Task input

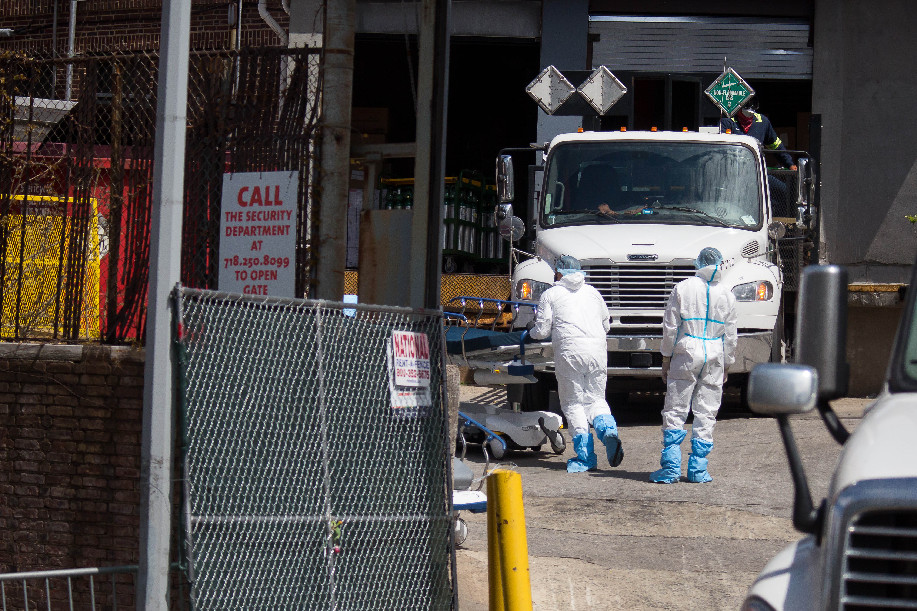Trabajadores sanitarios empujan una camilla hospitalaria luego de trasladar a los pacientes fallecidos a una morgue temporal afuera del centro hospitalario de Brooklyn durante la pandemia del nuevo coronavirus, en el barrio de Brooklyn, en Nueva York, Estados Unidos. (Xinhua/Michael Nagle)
--
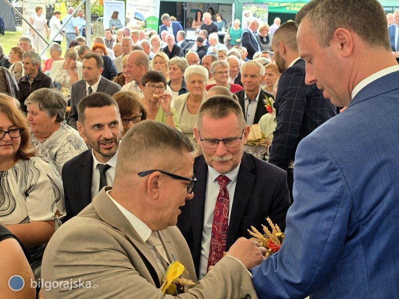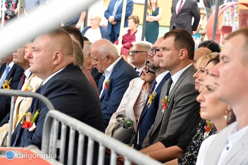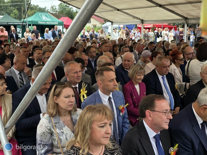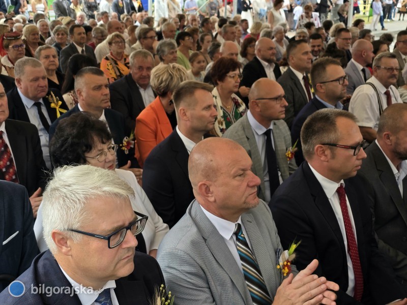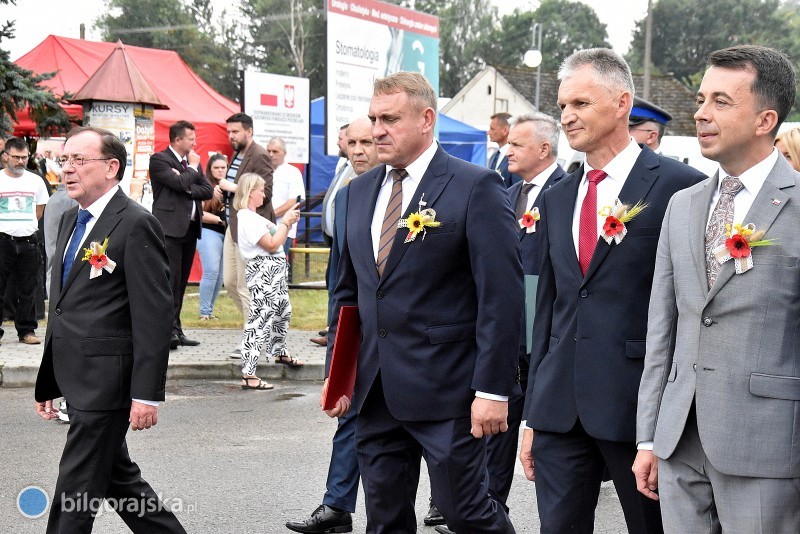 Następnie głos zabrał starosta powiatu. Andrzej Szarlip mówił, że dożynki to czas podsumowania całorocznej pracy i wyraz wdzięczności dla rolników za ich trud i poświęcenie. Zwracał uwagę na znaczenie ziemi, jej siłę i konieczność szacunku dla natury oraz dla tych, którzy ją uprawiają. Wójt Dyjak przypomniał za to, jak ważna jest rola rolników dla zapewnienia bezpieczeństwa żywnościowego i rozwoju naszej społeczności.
* * *
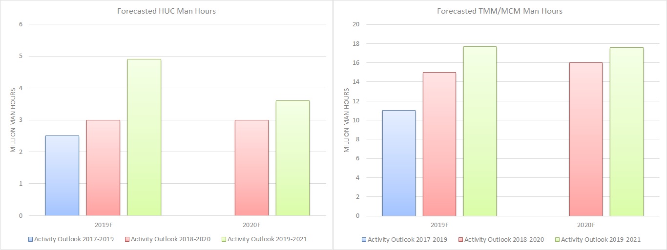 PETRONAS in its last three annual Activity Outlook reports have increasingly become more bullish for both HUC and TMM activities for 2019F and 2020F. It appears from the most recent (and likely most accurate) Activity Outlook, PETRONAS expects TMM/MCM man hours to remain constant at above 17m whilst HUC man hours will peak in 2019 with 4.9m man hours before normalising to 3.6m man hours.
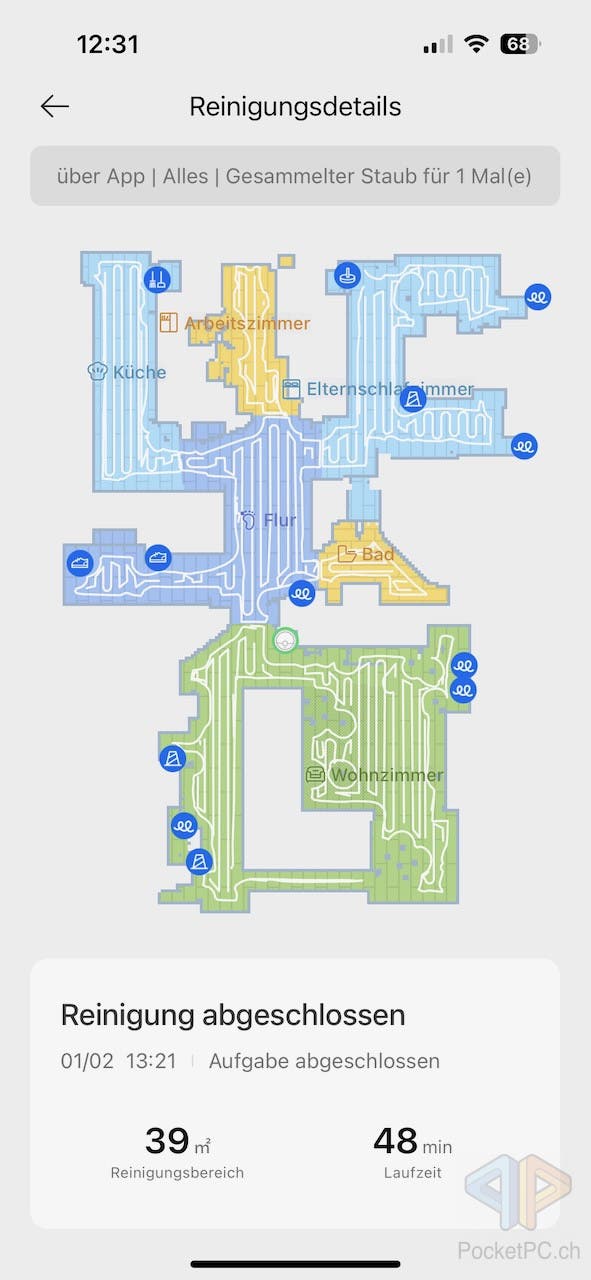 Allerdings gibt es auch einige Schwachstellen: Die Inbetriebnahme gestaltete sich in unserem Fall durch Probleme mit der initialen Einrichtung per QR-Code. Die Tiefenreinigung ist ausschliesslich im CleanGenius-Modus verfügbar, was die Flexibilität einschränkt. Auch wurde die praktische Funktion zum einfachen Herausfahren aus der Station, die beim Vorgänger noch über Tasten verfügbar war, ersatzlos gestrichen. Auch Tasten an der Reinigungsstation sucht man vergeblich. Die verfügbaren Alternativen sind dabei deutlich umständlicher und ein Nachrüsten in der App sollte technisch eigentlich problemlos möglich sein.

Required action
Would you restate, exactly and with no pictures, the lines of the entries above from the one containing "PETRONAS in its" through the one containing "Allerdings gibt es"?

Result of this exercise
 PETRONAS in its last three annual Activity Outlook reports have increasingly become more bullish for both HUC and TMM activities for 2019F and 2020F. It appears from the most recent (and likely most accurate) Activity Outlook, PETRONAS expects TMM/MCM man hours to remain constant at above 17m whilst HUC man hours will peak in 2019 with 4.9m man hours before normalising to 3.6m man hours.
 Allerdings gibt es auch einige Schwachstellen: Die Inbetriebnahme gestaltete sich in unserem Fall durch Probleme mit der initialen Einrichtung per QR-Code. Die Tiefenreinigung ist ausschliesslich im CleanGenius-Modus verfügbar, was die Flexibilität einschränkt. Auch wurde die praktische Funktion zum einfachen Herausfahren aus der Station, die beim Vorgänger noch über Tasten verfügbar war, ersatzlos gestrichen. Auch Tasten an der Reinigungsstation sucht man vergeblich. Die verfügbaren Alternativen sind dabei deutlich umständlicher und ein Nachrüsten in der App sollte technisch eigentlich problemlos möglich sein.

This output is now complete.